C'est l'affiche dont tout le monde parle à Salzbourg depuis plusieurs semaines : une demande de billets cinq fois supérieure à l'offre pour la seule première, six représentations complètes et déjà la promesse de se retrouver au programme du Festival en 2015.

Avec la soprano Anna Netrebko (Leonora), le ténor-baryton Placido Domingo (le Comte de Luna), la mezzo-soprano Marie-Nicole Lemieux (Azucena), et le ténor Francesco Meli (Manrico), ce "Trouvère" propose l'affiche la plus alléchante de cette 94e édition du prestigieux festival autrichien de musique classique.

Le pari est risqué pour un opéra proposé pour la dernière fois dans la ville natale de Mozart en 1963. A l'époque, l'un des plus grands chefs d'orchestre de l'histoire, l'Autrichien Herbert von Karajan, était à la baguette et à la mise en scène.

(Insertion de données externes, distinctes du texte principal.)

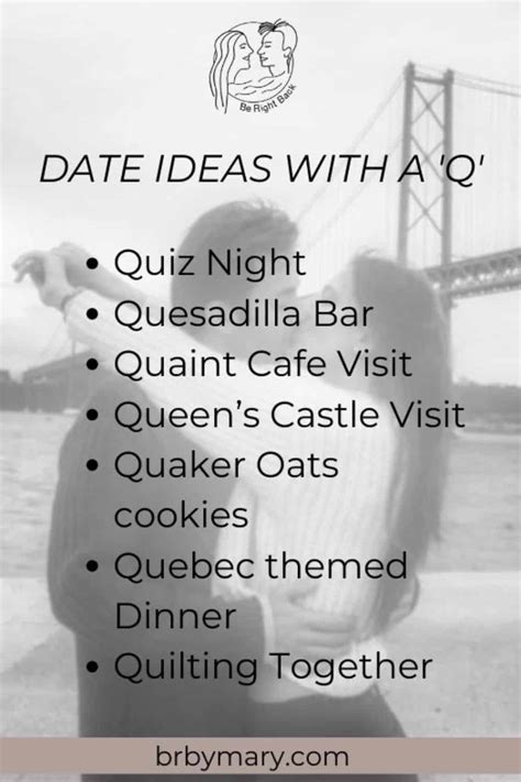 Q Date Ideas. Adventurous date ideas that start with q;. Web we hope this easy challenge will inspire you and your spouse to put your heads together to come up with the.
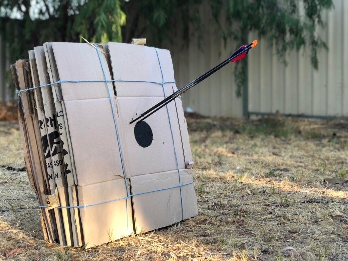 •  Mũi tên được thiết kế để bắn vào mục tiêu mềm, bạn có thể làm bia và vùng đệm bằng foam, cao su, giấy cactong, vỏ gỗ bào, bao tải đất, rơm …

"L'histoire est sans dessus dessous. Faire une mise en scène d'époque avec cette histoire aujourd'hui, c'est très difficile", explique Marie-Nicole Lemieux par téléphone à l'AFP.

"On doit trouver un chemin pour raconter l'histoire, avec des images que l'on comprend de nos jours", précise Eva Dessecker, costumière qui a travaillé plusieurs fois avec le metteur en scène.

- Rendre le drame palpable -

Alvis Hermanis a décidé de transposer cette histoire dans un musée, "dans la salle de la Renaissance italienne. On se sent au Louvre", détaille la cantatrice québécoise, qui effectue avec le "Trouvère" ses débuts à Salzbourg.

"La musique est du XIXe siècle, l'histoire se déroule au XVe siècle et notre public est du XXIe siècle. En tant que metteur en scène, on doit tenir compte de ces trois perspectives", justifie ainsi Hermanis au cours d'une conférence de presse.

Il "donne une très grande liberté", affirme Marie-Nicole Lemieux. "Je suis bien avec lui, car c'est quelqu'un qui laisse le chanteur explorer beaucoup. Il donne un cadre extérieur très précis, mais là-dedans, il nous laisse libre", ajoute-elle.

Le musée imaginé par Hermanis est vivant et les tableaux sont hantés par les personnages de Verdi. Au fur et à mesure que le drame se met en place - une mère qui immole son enfant, une gitane brûlée pour sorcellerie et l'affrontement mortel de deux frères - le musée se vide progressivement des tableaux.

Cette mise en scène est exigeante pour les artistes, dont les talents d'acteurs sont autant sollicités que leur art de chanteurs.

"Sur scène, on doit rendre le drame palpable. Pour la sensation, le jeu d'acteur est tout aussi important que la musique et la qualité du chant", confirme devant les journalistes Placido Domingo, qui avait débuté à Salzbourg il y a 39 ans, dans "Don Carlo" de Verdi.

"Le Trouvère", l'un des plus opéras les plus sombres de Verdi, combine "des passages lyriques, tragiques, héroïques et même légers", lance Anna Netrebko.

"Celui qui ne veut qu'une musique visuelle ne sera pas satisfait. La musique et la mise en scène ne doivent pas être en concurrence, mais se soutenir mutuellement", a prévenu le metteur en scène à l'attention du public salzbourgeois, dans une récente interview à l'agence de presse autrichienne APA.